Called when the parsing has ended, either because the end of file was reached or because an error has occurred. The subclass should close any open resources, ie. the DbControl object. The success parameter is true if the parsing was successful, false otherwise. The default implementation does nothing.

@Override
protected void end(boolean success)
   throws BaseException
{
   try
   {
      // Commit if the parsing was successful
      if (success)
      {
         batcher.close();
         dc.commit();
      }
   }
   catch (BaseException ex)
   {
      // Well, now we got an exception
      success = false;
      throw ex;
   }
   finally
   {
      // Always close... and call super.end()
      if (dc != null) dc.close();
      super.end(success);
   }
}			
protected String getSuccessMessage()

This is the last method that is called, and it is only called if everything went suceessfully. This method allows a subclass to generate a short message that is sent back to the database as a final progress report. The default implementation returns null, which means that no message will be generated.

@Override
protected String getSuccessMessage()
{
   return numInserted + (numInserted == 1 ? " spot inserted" : " spots inserted");
}

3. Autodetecting file formats

Base has built-in functionality for autodetecting file formats. If your import plugin wants to participate in that feature it must implement the AutoDetectingImporter interface. This interface has two methods:

public boolean isImportable(InputStream in) throws BaseException;

Check the input stream if it seems to contain data that can be imported by the plugin. Usually it means scanning a few lines for some header mathing a predefined string or a regexp.

The AbstractFlatFileImporter implements this method by checking reading the headers from the input stream and checking if it stopped at an unknown type of line or not:

public final boolean isImportable(InputStream in)
   throws BaseException
{
   FlatFileParser ffp = getInitializedFlatFileParser();
   ffp.setInputStream(in);
   try
   {
      FlatFileParser.LineType result = ffp.parseHeaders();
      return result != FlatFileParser.LineType.UNKNOWN;
   }
   catch (IOException ex)
   {
      throw new BaseException(ex);
   }
}

Note that the input stream doesn't have to be a text file. It could be any type of file, for example a binary or xml file. In the case of an xml file you would need to validate the entiry input stream in order to be a 100% sure that it is a valid xml file, but we recommend that you only check the first few xml tags, ie. the <!DOCTYPE > declaration and/or the root element tag.

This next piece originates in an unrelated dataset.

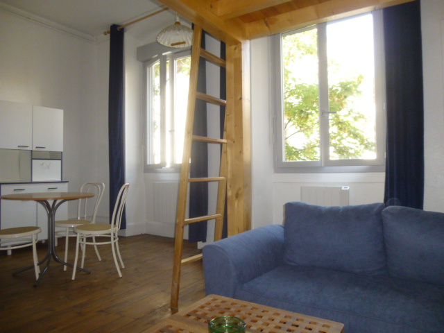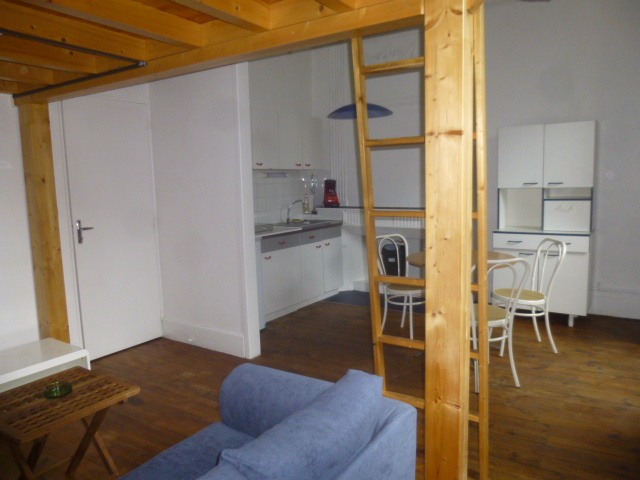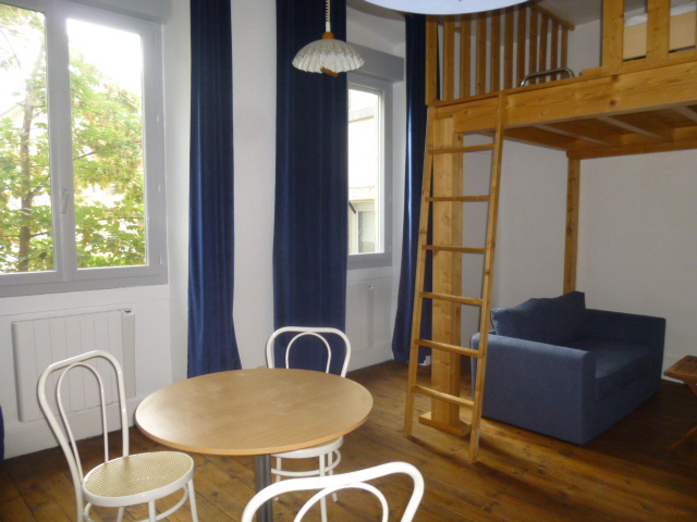 Proche des écoles, en plein centre ville, studio meublé de 28 m2, très lumineux, comprenant : hall, séjour/cuisine équipée, salle d'eau/wc + chambre en mezzanine, exposition Est, chauffage individuel électrique, libre début mai 2026
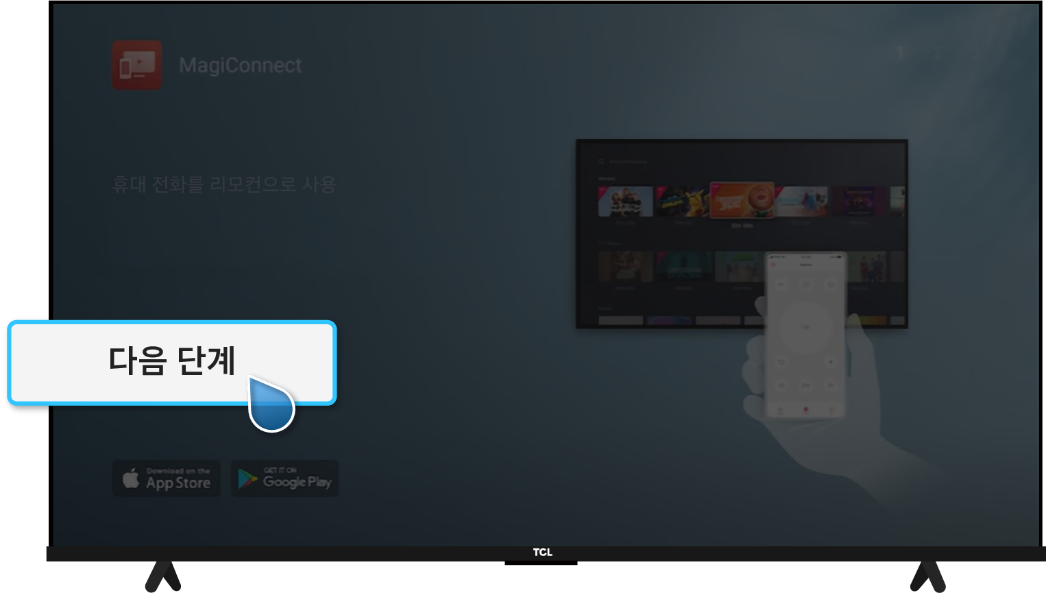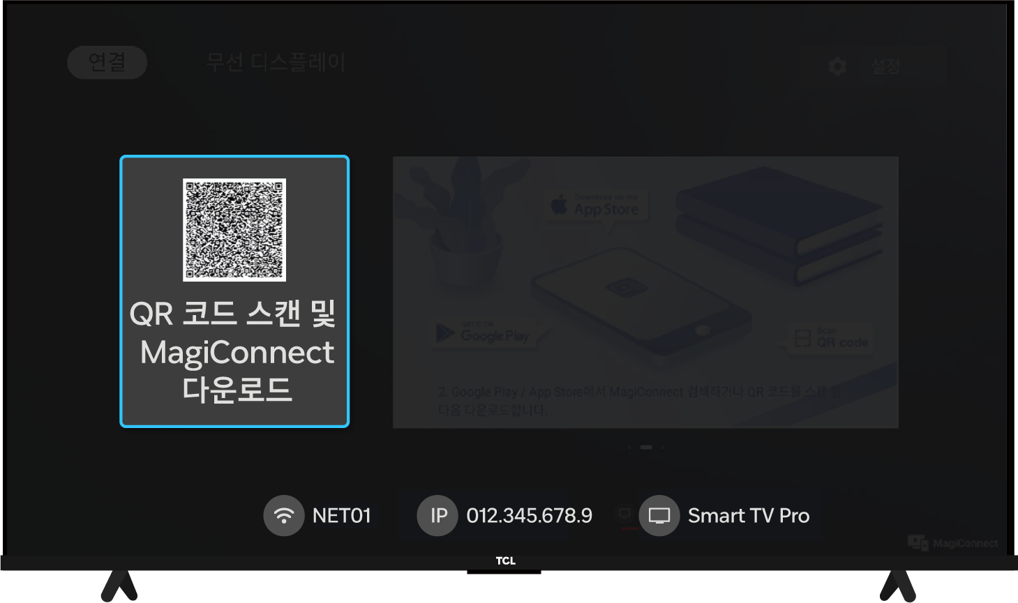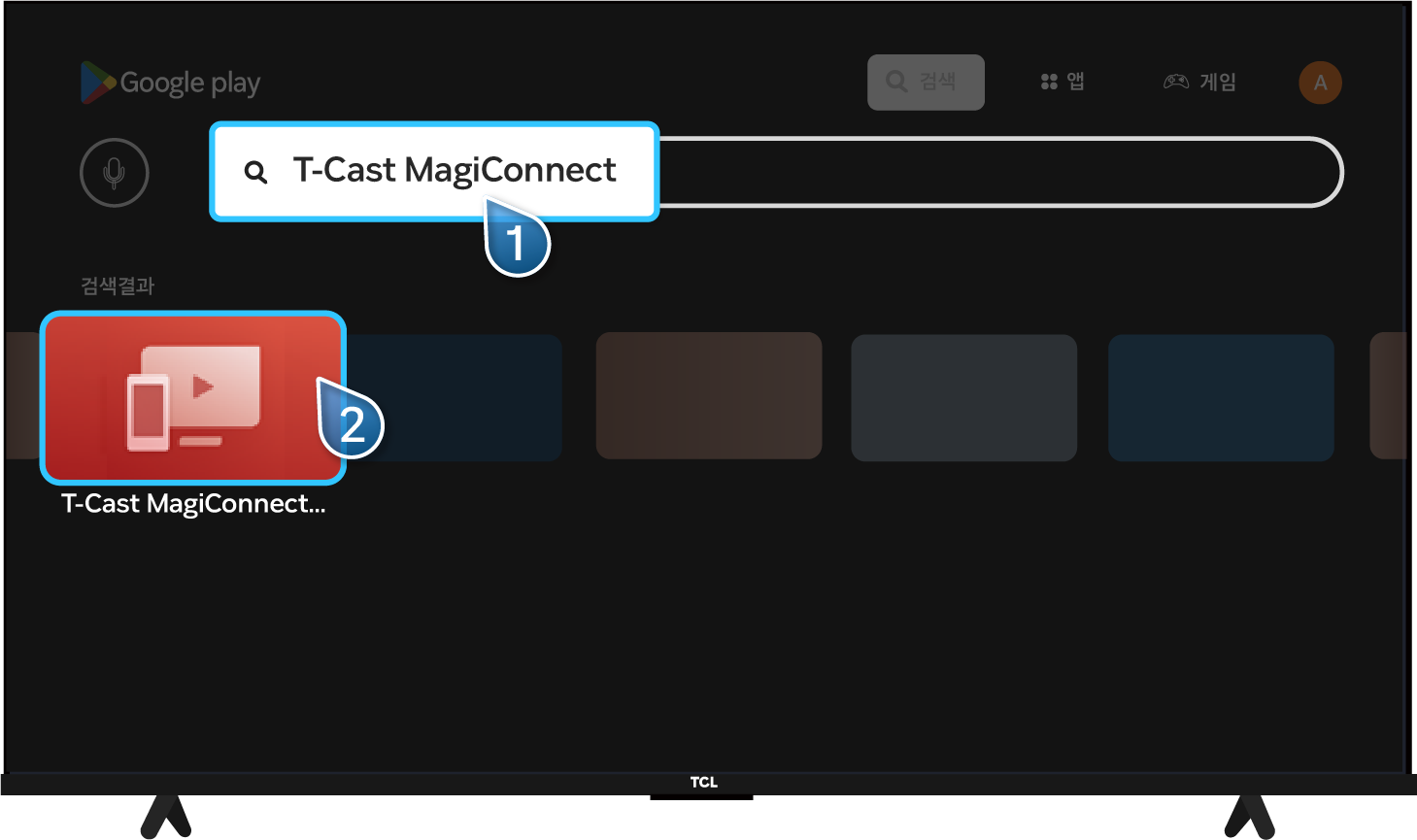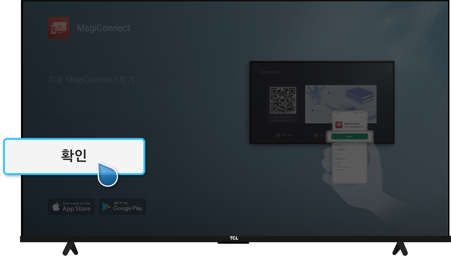 TCL 리모컨 설정(⚙️) → 대시 보드 설정(⚙️) → 앱 → 모든 앱 보기 → Google Play 스토어 → 열기 → T-Cast MagiConnect 검색 후 앱 클릭 → T-Cast MagiConnect 설치 후 앱 열기 → TV 화면의 QR코드로 핸드폰에 앱 설치

public void doImport(InputStream in, ProgressReporter progress) throws BaseException;

Parse the input stream and import all data that is found. This method is of cource only called if the isImportable has returned true. Note however that the input stream is reopened at the start of the file. It may even be the case that the isImportable method is called on one instance of the plugin and the doImport method is called on another. Thus, the doImport can't rely on any state set by the isImportable method.